18 Feb 2014 9:24 AM GMT

  • Assassins of Rajiv Gandhi not to be hanged, as Supreme Court delivers landmark verdict commuting death sentence to life term

    The judgment which is expected by the students of human rights jurisprudence has finally come. The Supreme Court has granted relief to the three convicts in the Rajiv Gandhi assassination case, Murugan, Santhan and Perarivalan, by commuting their death sentence into life term on the grounds that the 11-year delay in deciding their mercy petition by the Central government had a...
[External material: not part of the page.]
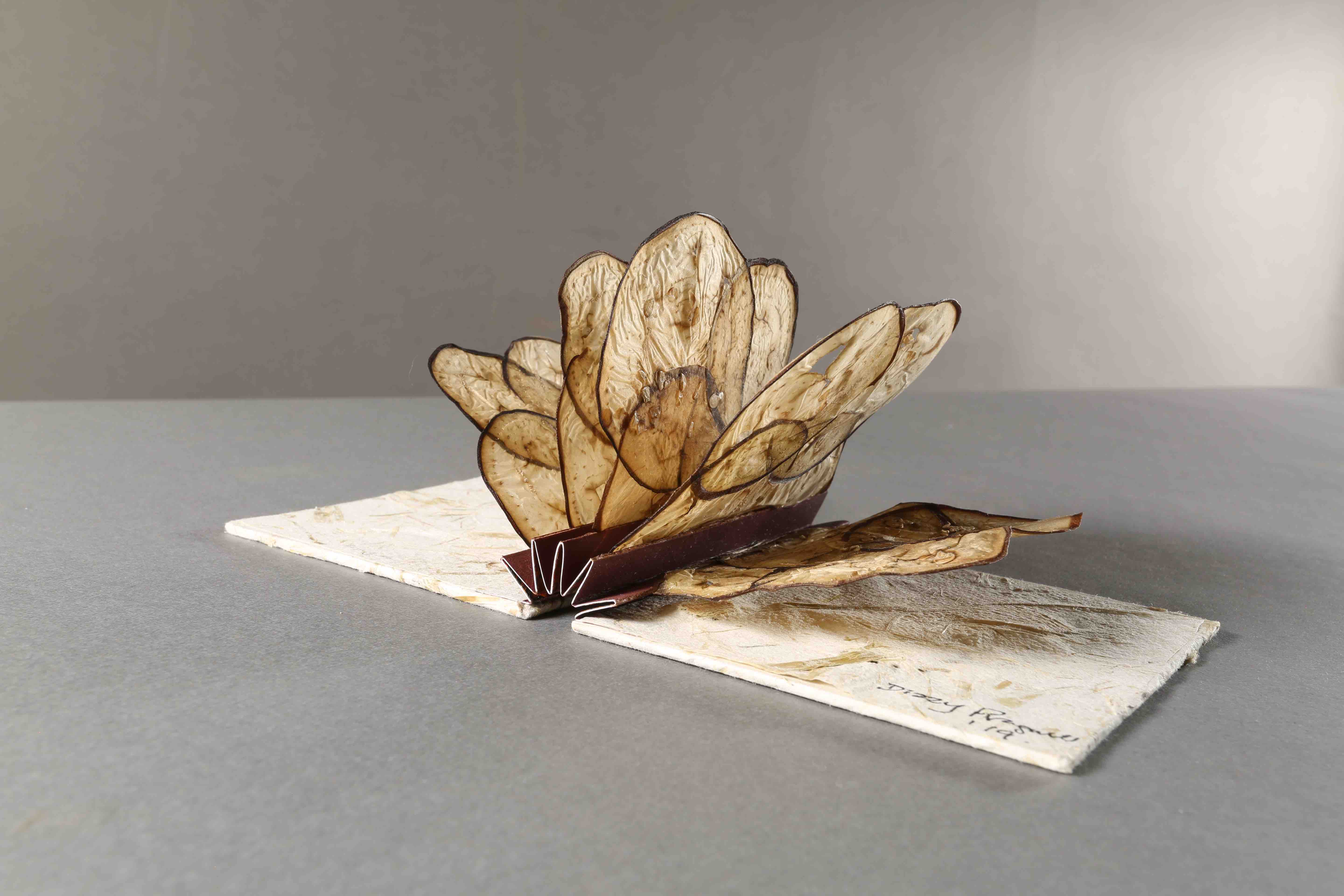 So, if you want a tasty read, there’s Ben Denzer’s 20 Slices of American Cheese, a book made from plastic-wrapped slices of American cheese. Or how about Dizzy Pragnell’s beautiful books, one of which is the lead image in this post, made of vegetables?

    The judgment which is expected by the students of human rights jurisprudence has finally come. The Supreme Court has  granted relief to the three convicts in the Rajiv Gandhi assassination case, Murugan, Santhan and Perarivalan, by commuting their death sentence into life term on the grounds that the 11-year delay in deciding their mercy petition by the Central government had a dehumanizing effect on them.
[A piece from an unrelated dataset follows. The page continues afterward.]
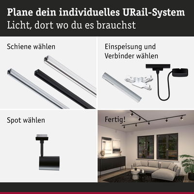 Der moderne URail Spot Luxe in Schwarz matt zeichnet sich durch sein geradliniges Design aus. Der Spot verfügt über eine abgedeckte GU10-Fassung, wodurch die Wahl des Leuchtmittels frei ist. Dadurch wird das Licht sanft gestreut und schafft eine angenehme Atmosphäre. Mit einem smarten Leuchtmittel kann der Spot bequem per App gesteuert werden. Die Helligkeit kann eingestellt, verschiedene Farbtöne gewählt oder stimmungsvolle Lichtszenarien geschaffen werden - alles mit nur einem Fingertipp. Der URail Spot Luxe ist der ideale Begleiter für jeden Raum. Seine hochwertige Verarbeitung und das zeitlose Design machen ihn zu einem echten Blickfang.

    According to the apex court bench headed by Chief Justice P. Sathasivam,  the delay was not only excessive but also irrational and unexplained. The court while delivering its verdict stated that the life imprisonment would mean life in jail till end.

    The Union's contentions that the three convicts did not deserve any mercy as they never showed repentance for the killing of the former Prime Minister and they enjoyed their prison life, were rejected by the three-judge Bench. The Bench, after considering the fact that the convicts were suffering jail for nearly 23 years, gave a positive response for their release by stating that the State government could use its remission powers under Section 432 and 433 and following the due procedure in law. The court expected that the government  would render advice in reasonable time to the President for taking a decision on mercy pleas and has asked the government to add a new criteria for considering commuting death penalty to life imprisonment, ie the  excessive delay in deciding mercy petitions.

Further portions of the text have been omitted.